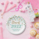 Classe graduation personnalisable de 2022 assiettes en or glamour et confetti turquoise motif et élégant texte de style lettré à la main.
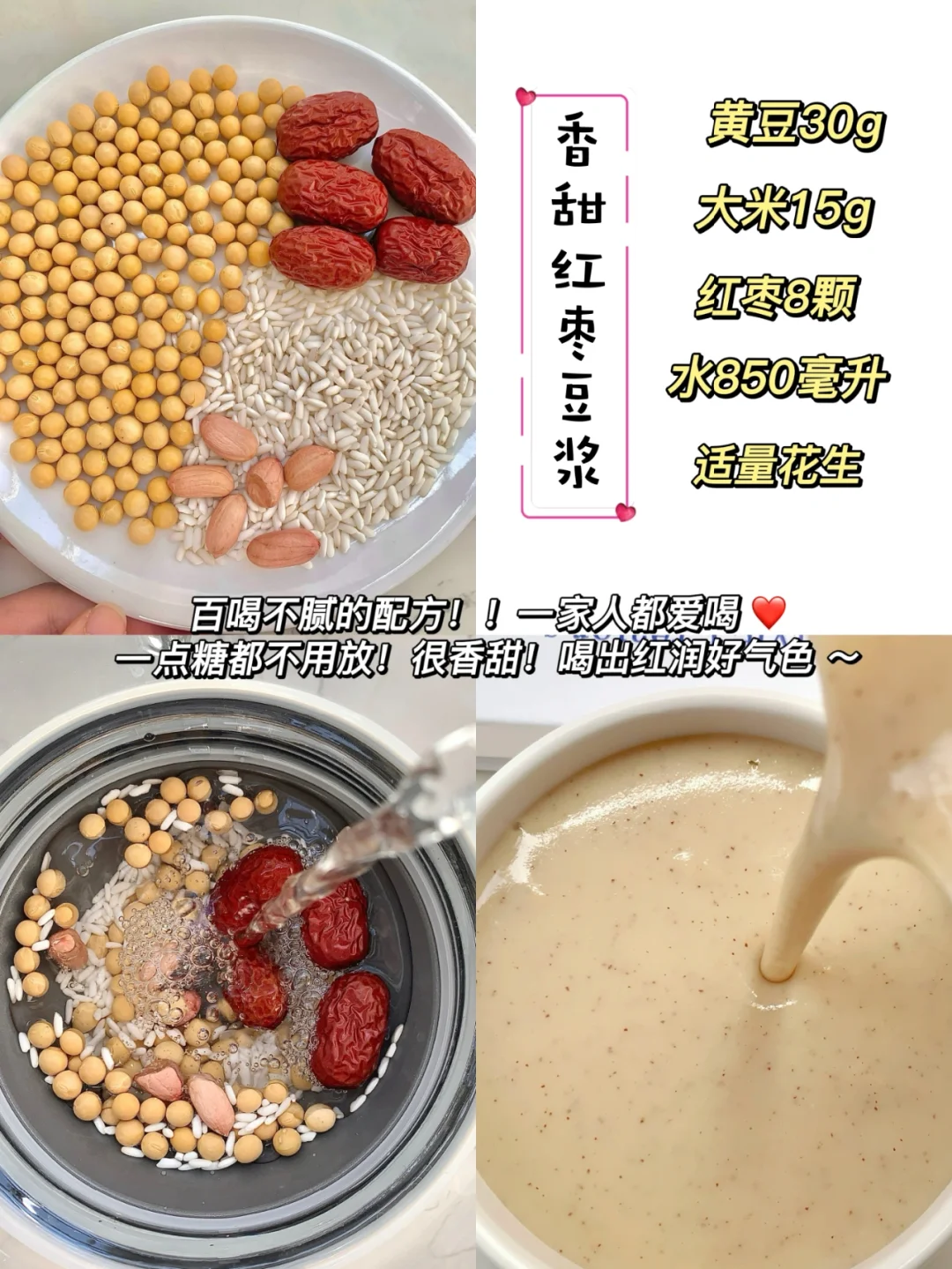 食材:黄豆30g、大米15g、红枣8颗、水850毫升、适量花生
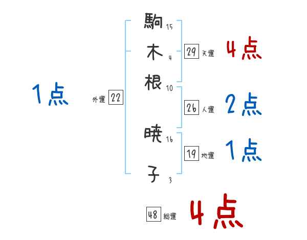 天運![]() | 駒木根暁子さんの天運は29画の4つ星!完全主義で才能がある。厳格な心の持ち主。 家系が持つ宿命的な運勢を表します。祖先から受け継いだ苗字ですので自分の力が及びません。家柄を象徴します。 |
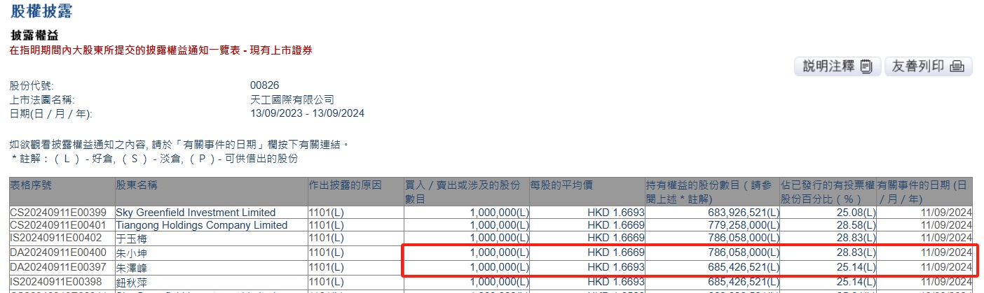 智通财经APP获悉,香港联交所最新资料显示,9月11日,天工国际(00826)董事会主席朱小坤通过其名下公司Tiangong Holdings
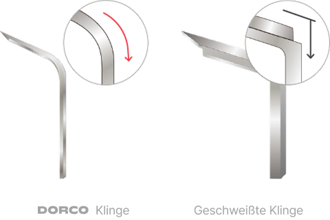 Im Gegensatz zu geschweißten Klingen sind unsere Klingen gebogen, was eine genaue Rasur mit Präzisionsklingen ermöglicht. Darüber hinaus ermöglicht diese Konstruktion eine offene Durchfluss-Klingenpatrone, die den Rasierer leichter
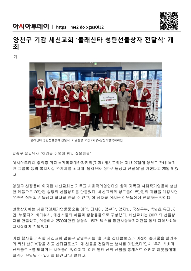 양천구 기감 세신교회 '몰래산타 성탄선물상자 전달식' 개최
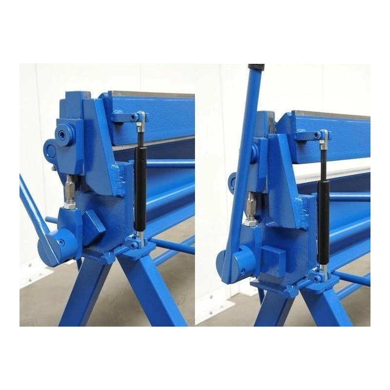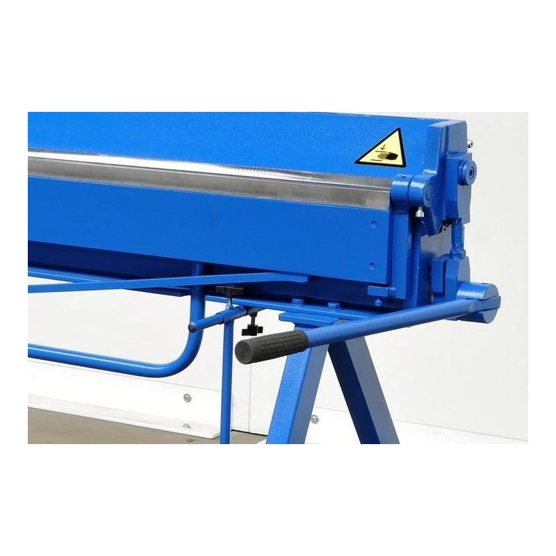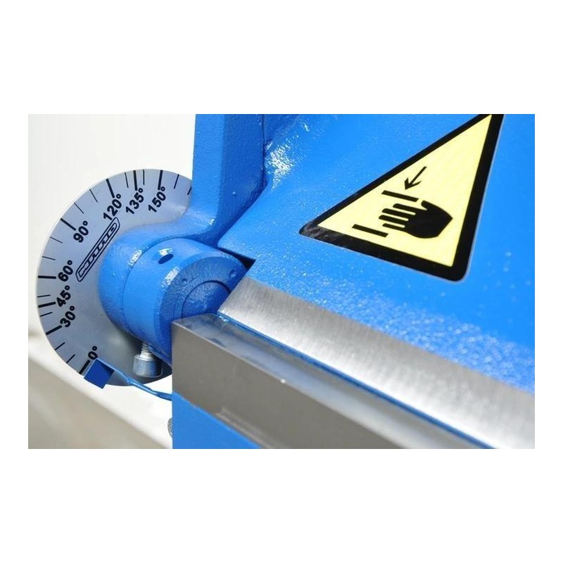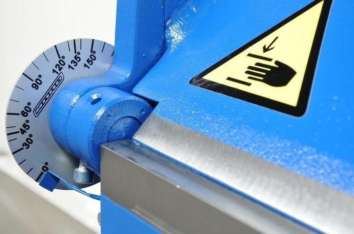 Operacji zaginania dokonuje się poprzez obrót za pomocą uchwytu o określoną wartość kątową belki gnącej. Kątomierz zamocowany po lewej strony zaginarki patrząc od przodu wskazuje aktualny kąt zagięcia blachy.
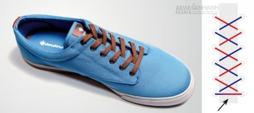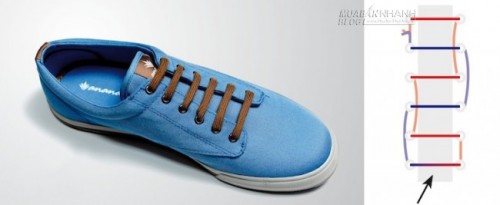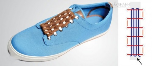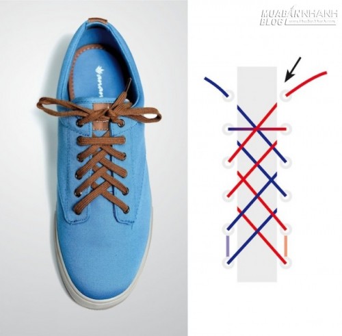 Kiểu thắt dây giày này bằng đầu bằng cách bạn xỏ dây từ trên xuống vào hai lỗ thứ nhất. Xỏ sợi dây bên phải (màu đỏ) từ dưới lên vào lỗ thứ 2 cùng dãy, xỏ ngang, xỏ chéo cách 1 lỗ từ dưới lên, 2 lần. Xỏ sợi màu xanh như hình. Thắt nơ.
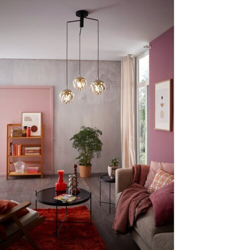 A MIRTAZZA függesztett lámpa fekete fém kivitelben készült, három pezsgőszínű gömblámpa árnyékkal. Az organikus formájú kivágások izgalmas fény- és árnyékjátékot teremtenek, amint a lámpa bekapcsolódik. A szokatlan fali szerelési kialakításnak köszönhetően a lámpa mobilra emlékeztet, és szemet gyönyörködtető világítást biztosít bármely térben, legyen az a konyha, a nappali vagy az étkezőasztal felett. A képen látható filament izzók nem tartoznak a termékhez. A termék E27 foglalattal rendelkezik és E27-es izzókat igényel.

^^^^^^^^^^^^^^^^

**Assignment:**
Exactly reproduce the lines above, starting at the one that contains "Operacji zaginania dokonuje" and ending at the one that contains "Kiểu thắt dây", both inclusive; leave the pictures out and add no other lines.

**Output for this task:**
 Operacji zaginania dokonuje się poprzez obrót za pomocą uchwytu o określoną wartość kątową belki gnącej. Kątomierz zamocowany po lewej strony zaginarki patrząc od przodu wskazuje aktualny kąt zagięcia blachy.
 Kiểu thắt dây giày này bằng đầu bằng cách bạn xỏ dây từ trên xuống vào hai lỗ thứ nhất. Xỏ sợi dây bên phải (màu đỏ) từ dưới lên vào lỗ thứ 2 cùng dãy, xỏ ngang, xỏ chéo cách 1 lỗ từ dưới lên, 2 lần. Xỏ sợi màu xanh như hình. Thắt nơ.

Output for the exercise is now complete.